Jovan Ditko was sitting on the floor of the cell, dressed only in vest and pants. His head was bowed, the slop bucket cradled between his spread legs. He’d vomited into it, and he looked as though he might be about to do so again. Anastasiadis looked back through the bars at the guards, pointed to the bucket and spoke to them again. They shook their heads, only very slightly out of synch. Anastasiadis shouted, his face flushing suddenly red. One of the guards shouted back, while the other turned his face aside as though the controversy embarrassed or upset him.
‘They will not empty the bucket,’ the lawyer said to me apologetically. ‘I reminded them that this is Jovan Ditko’s last night on Earth, but they say the buckets are only emptied on the morning shift.’
‘It doesn’t matter,’ I said, although the stench in the room was close to stomach-churning. I tuned it out with an effort of will. My preferred sense is hearing, so I focused on the sounds of the place: the sounds and the meta-sounds – the spirit music that plays in the background for me wherever I happen to be. Irdrizovo was a symphony in a minor key, bleak and formless and unresolved.
‘Jovan,’ I said gently.
He looked up at me and nodded, then ducked over the bucket again. It wasn’t really a greeting, just an acknowledgement that I was there. He had Rafi’s face but harder and heavier, a lot less handsome. A three-day growth of stubble darkened his chin, and his face glistened with sweat.
‘Do you speak English?’ I asked him.
He muttered something that I didn’t catch. Mister Anastasiadis translated at once. ‘He understands English, but he doesn’t speak it very well. He’ll answer you in Macedonian.’
‘Okay.’ I turned back to Jovan. ‘Thank you for seeing me. I know it’s the worst possible time, in a lot of ways, but I thought you might like some news of your brother, Rafael.’ I thought of my cover story and decided it might be useful to have something to show for this trip besides one less notch on my conscience. ‘And I’d like to talk to you about your memories of him,’ I added.
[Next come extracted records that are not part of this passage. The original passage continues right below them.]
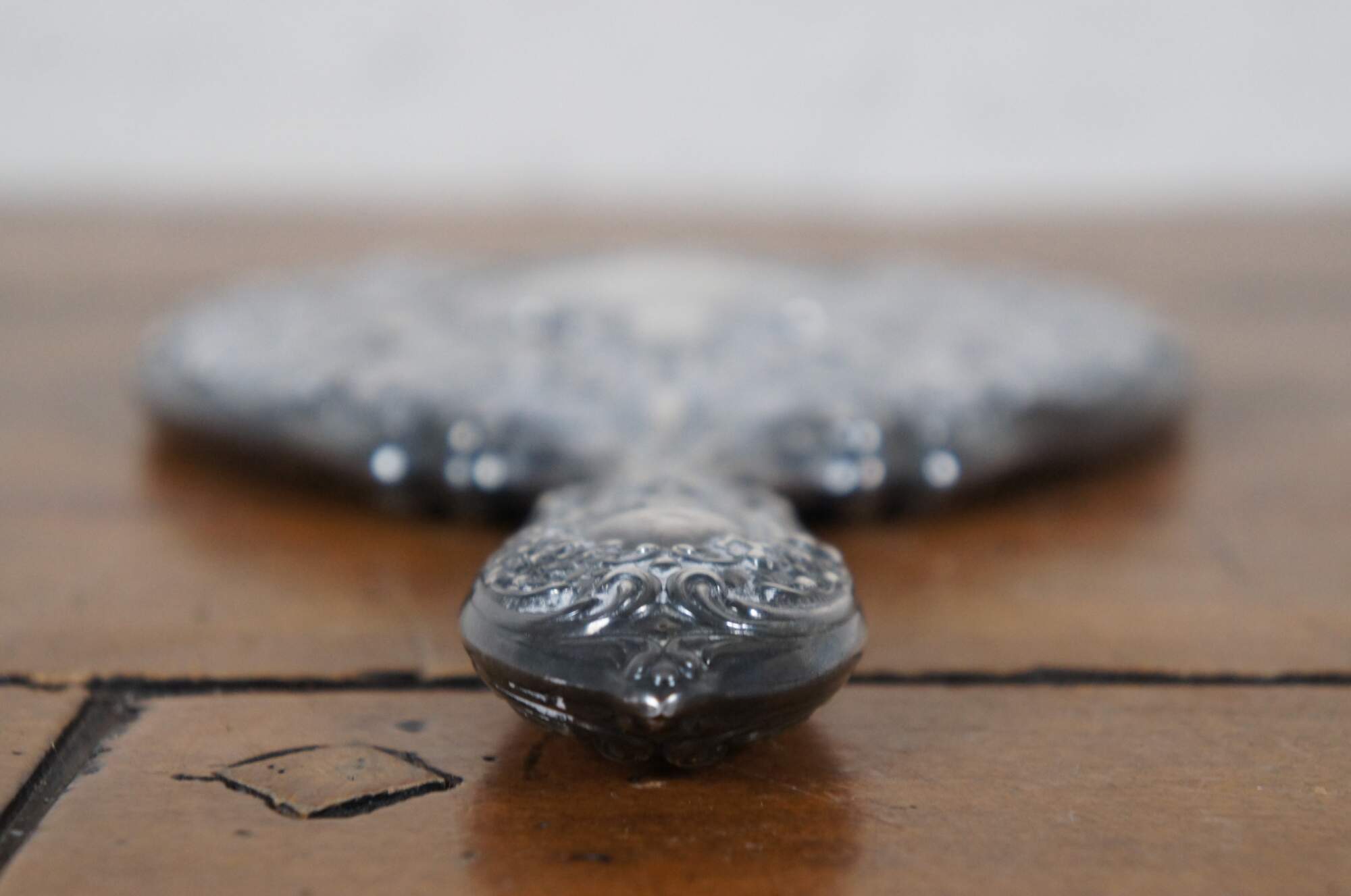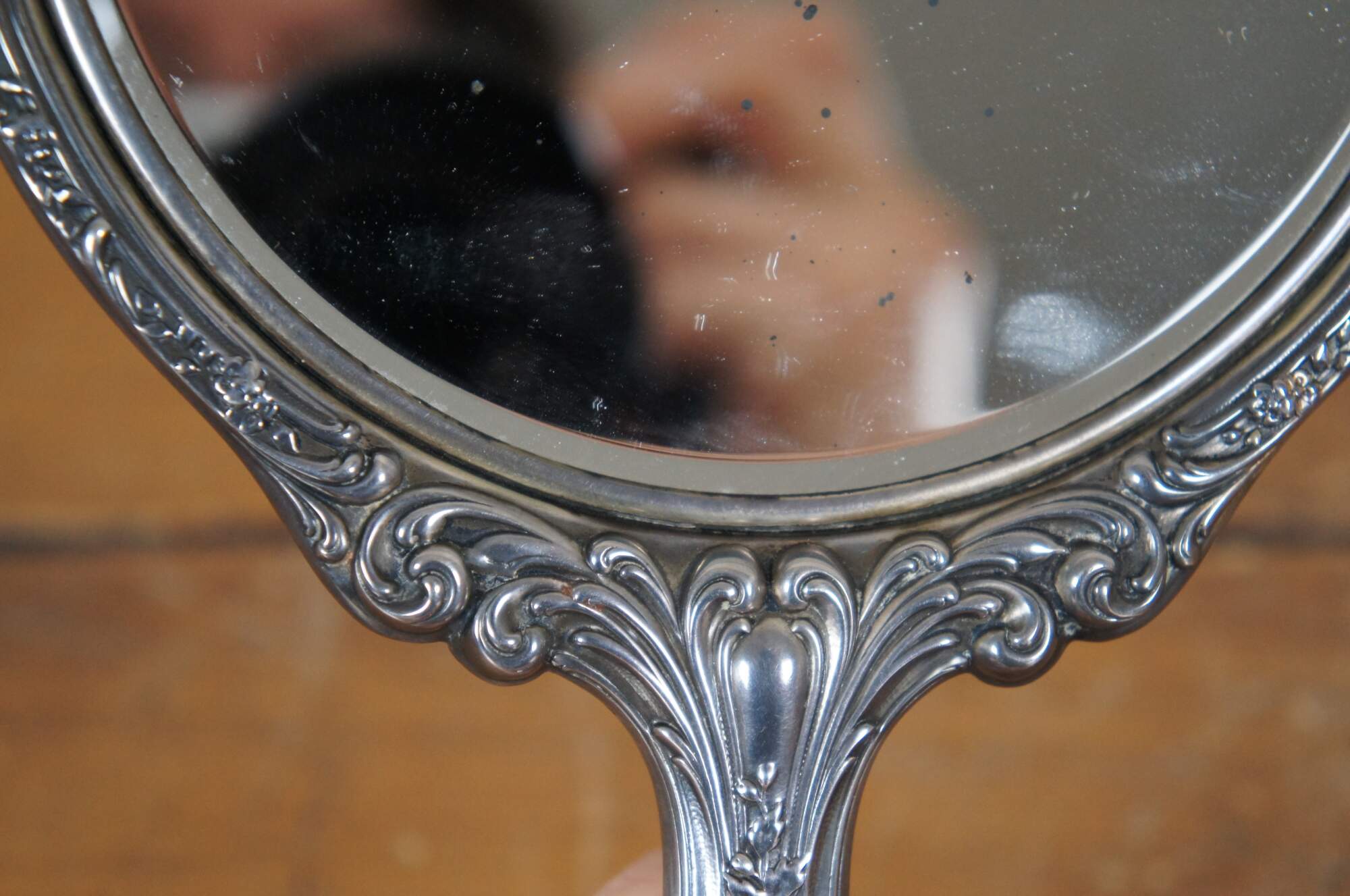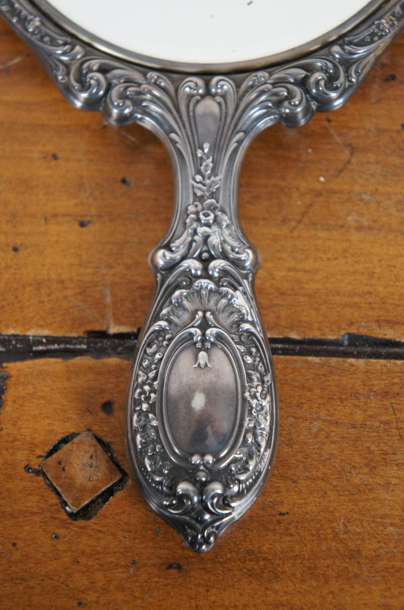 Early 20th century Gorham sterling silver, round hand mirror, number 23, Buttercup pattern featuring a repousse silver frame emblaxoned with scrolling foliates, roses and buttercups around two shield shaped spots perfect for engraving a monogram.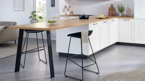 Die WERT KÜCHE® Vida verbindet den charmanten Charakter einer Landhausküche mit einer klaren, modernen Gestaltung. Satinweiße Fronten treffen auf warme Elemente in naturfarbener Asteiche-Nachbildung, während lavaschwarze Sockelblenden und Schwarzstahl-Bügelgriffe stilvolle Kontraste setzen. So entsteht eine Küche, die Gemütlichkeit und zeitgemäßes Design perfekt miteinander vereint.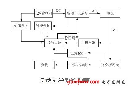 目前,構成DC/AC逆變的新技術很多,但是考慮到具體的使用條件和成本以及可靠性,本電源仍然采用典型的二級變換,即DC/DC變換和DC/AC逆變。首先由DC/DC變換將DC 12V電壓逆變為高頻方波,經高頻升壓變壓器升壓,再整流濾波得到一個穩定的約320V直流電壓;然后再由DC/AC變換以方波逆變的方式,將穩定的直流電壓逆變成有效值稍大于220V的方波電壓;再經LC工頻濾波得到有效值為220V的50Hz交流電壓,以驅動負載。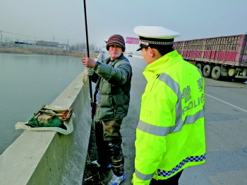 近日,随着天气逐渐转暖,支脉河河面解冻,引来许多钓鱼者,站在新海路大桥上垂钓。该路段车流大,且货车较多,此行为造成诸多安全隐患,且影响了正常的交通秩序。图为5日,广饶交警三中队民警对垂钓者进行劝离。 本报记者 王超 通讯员 张景海 张建文 摄影报道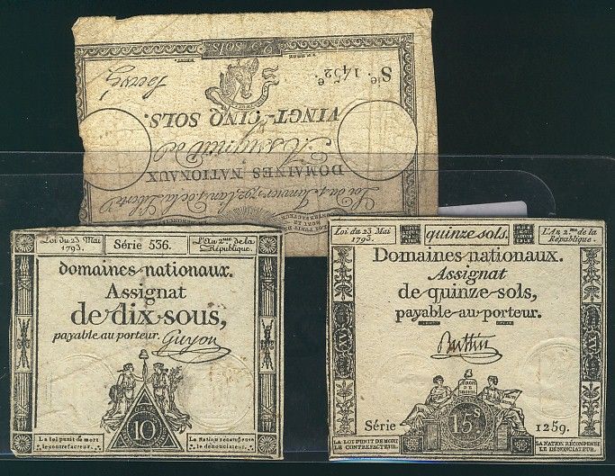 Lot 2: Includes 1793 Assignat de Dix Sous, Quinze Sols & Vingt Cinq Sols. VF for type.

This time Jovan didn’t even look up. He just rattled off a quick response to Anastasiadis, who replied to him rather than to me. For a while they batted something around between the two of them. I suspected the three-way communication system was going to be a real pain in the arse.
‘He says it’s been years since he even saw Rafael,’ Anastasiadis said to me at last. ‘They argued, a long time ago. When their father died, Rafael did not even come to the funeral. There is nothing between them now.’
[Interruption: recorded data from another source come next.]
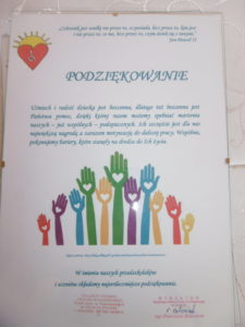 Pan dyrektor podziękował sponsorom oraz rodzicom za zaangażowanie w prace na rzecz naszych uczniów. Wszyscy goście zostali obdarowani upominkami wykonanymi przez naszych uczniów na zajęciach artystycznych.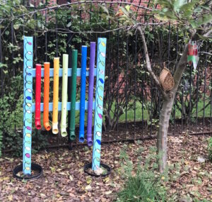 Anyone but Lola, that is. But the woman offered to hold her while I explored this lovely secret garden, with its painted walkway stones, a purple utensil shed, and a giant xylophone-ish rainbow sculpture. Zinnia, herbs, tomatoes, and even a small strawberry garden, among other things, grew in the various corners of the lot. It was an utterly charming experience to be in this space that people obviously loved and cultivated in the middle of the city, in the middle of a crappy overwhelming day, in the middle of my bad-mood funk. I can only imagine the transformative magic that it held for children.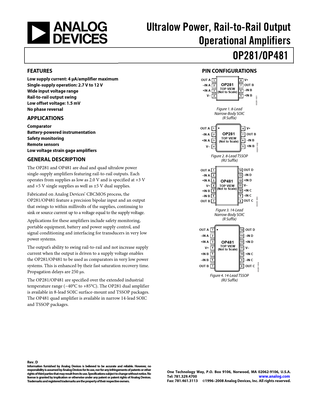 0 1- Propagation delays are 250 μs. 029 0 Figure 4. 14-Lead TSSOP The OP281/OP481 are specified over the extended industrial (RU Suffix) temperature range (−40°C to +85°C). The OP281 dual amplifier is available in 8-lead SOIC surface-mount and TSSOP packages. The OP481 quad amplifier is available in narrow 14-lead SOIC and TSSOP packages.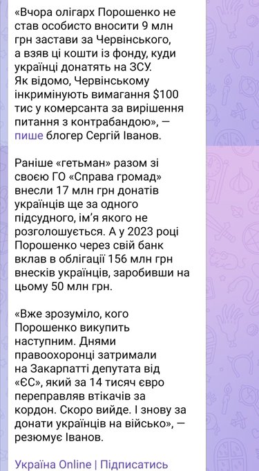 Єдиний фонд ,якому довіряю .Хоч гроші на заставу не з фонду ! Скільки можна повторювати ? І не це - важливо ! Це величезна подія насправді Ця подія вселяє надію на те, що ми зможемо вигнати щурів та обрати нормальну украінську владу .Правда ,якщо Зеля не встигне нас здати з погрозами .Від слів : у другому самі і миру має приймати участь Росія- в мене кров закипає в жилах. Уявіть собі Гітлера на перемовинах зі Сталіним десь в Швейцарії.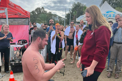 Datça ilçesinde bu yıl 18’incisi düzenlenen kış açık deniz yüzme maratonuna İstanbul’dan katılan yüzme antrenörü Kaan Peyami Orhan, 3 bin metrelik parkuru tamamladıktan sonra sahile geldiğinde anons yapan görevliye kız arkadaşına evlilik teklifi yapacağını ve yarış bitiş alanına davet etmesini istedi.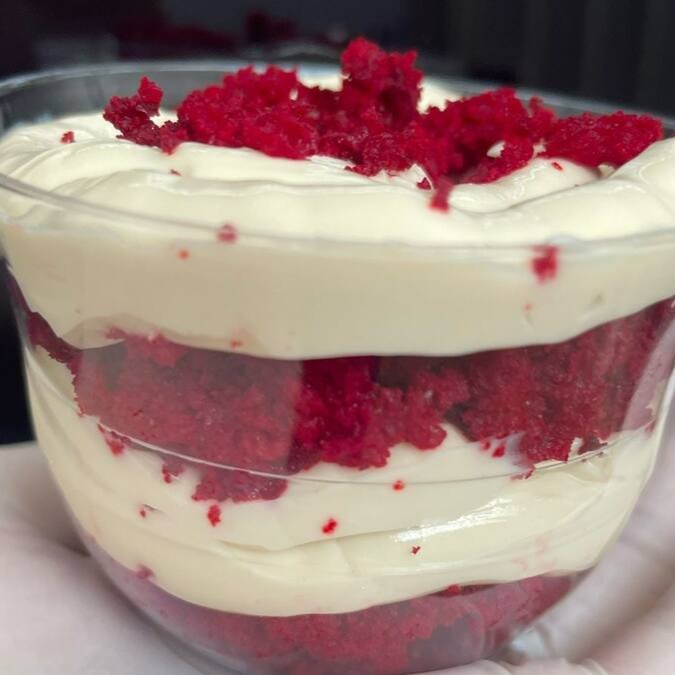 Rocambole de Doce de Leite de 100-120g e Bolo no pote red velvet 140g, ambos possuem uma massa fofinha feita com farinha de amêndoas!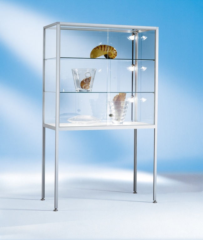 - 1210 mm hohe Glasvitrine auf 790 mm hohen Standbeinen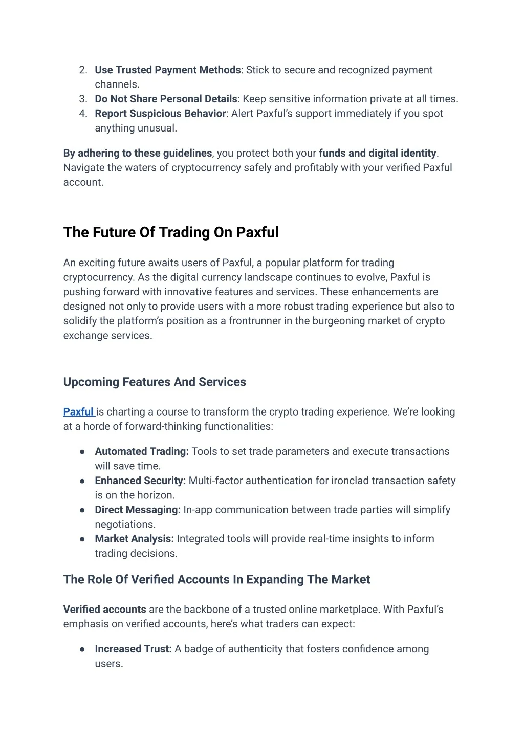 2. Use Trusted Payment Methods: Stick to secure and recognized payment channels. 3. Do Not Share Personal Details: Keep sensitive information private at all times. 4. Report Suspicious Behavior: Alert Paxful’s support immediately if you spot anything unusual. By adhering to these guidelines, you protect both your funds and digital identity. Navigate the waters of cryptocurrency safely and profitably with your verified Paxful account. The Future Of Trading On Paxful An exciting future awaits users of Paxful, a popular platform for trading cryptocurrency. As the digital currency landscape continues to evolve, Paxful is pushing forward with innovative features and services. These enhancements are designed not only to provide users with a more robust trading experience but also to solidify the platform’s position as a frontrunner in the burgeoning market of crypto exchange services. Upcoming Features And Services Paxful is charting a course to transform the crypto trading experience. We’re looking at a horde of forward-thinking functionalities: ● Automated Trading: Tools to set trade parameters and execute transactions will save time. ● Enhanced Security: Multi-factor authentication for ironclad transaction safety is on the horizon. ● Direct Messaging: In-app communication between trade parties will simplify negotiations. ● Market Analysis: Integrated tools will provide real-time insights to inform trading decisions. The Role Of Verified Accounts In Expanding The Market Verified accounts are the backbone of a trusted online marketplace. With Paxful’s emphasis on verified accounts, here’s what traders can expect: ● Increased Trust: A badge of authenticity that fosters confidence among users.

‘How long ago was that?’ I asked. ‘When their father died?’
Another quick exchange yielded the answer. ‘Three years ago.’
That was after Rafi’s botched necromancy and my botched exorcism had landed him with his demonic passenger. He was already locked up in the Stanger by then.
‘He didn’t know,’ I explained. ‘He was in a hospital and . . . not really in touch with the outside world.’ Not in touch with anything, I thought. Rafi’s life had become pretty surreal at that point. His time perception, his awareness of self, his ability to lay down new memories and to make sense of the world, all had to be compromised.
I tried to explain this to Jovan, but it was a tricky concept to get across and I hit the rocks almost immediately. ‘Rafi has a demon inside him,’ I said, and Jovan was off on a tirade, glaring up at me from the floor.
‘Yes,’ Anastasiadis said. ‘He has a demon. I have a demon. Everybody has a demon. It doesn’t change who you are. It doesn’t change your obligations. You have to be a man, don’t you? Whatever else you are.’
‘Yeah, but I’m not trying to be poetic,’ I said. ‘Rafi tried to do some magic, and he messed it up. There’s a demon stuck inside him like a . . .’ Having no clue what sort of referents Jovan would feel comfortable with, I groped for a non-technical simile. ‘. . . like a toad in a well. He’s been like that for years now. And for most of that time, he’s been locked up in a lunatic asylum. The demon controls his body, his actions. He’s not free to do what he wants to do.’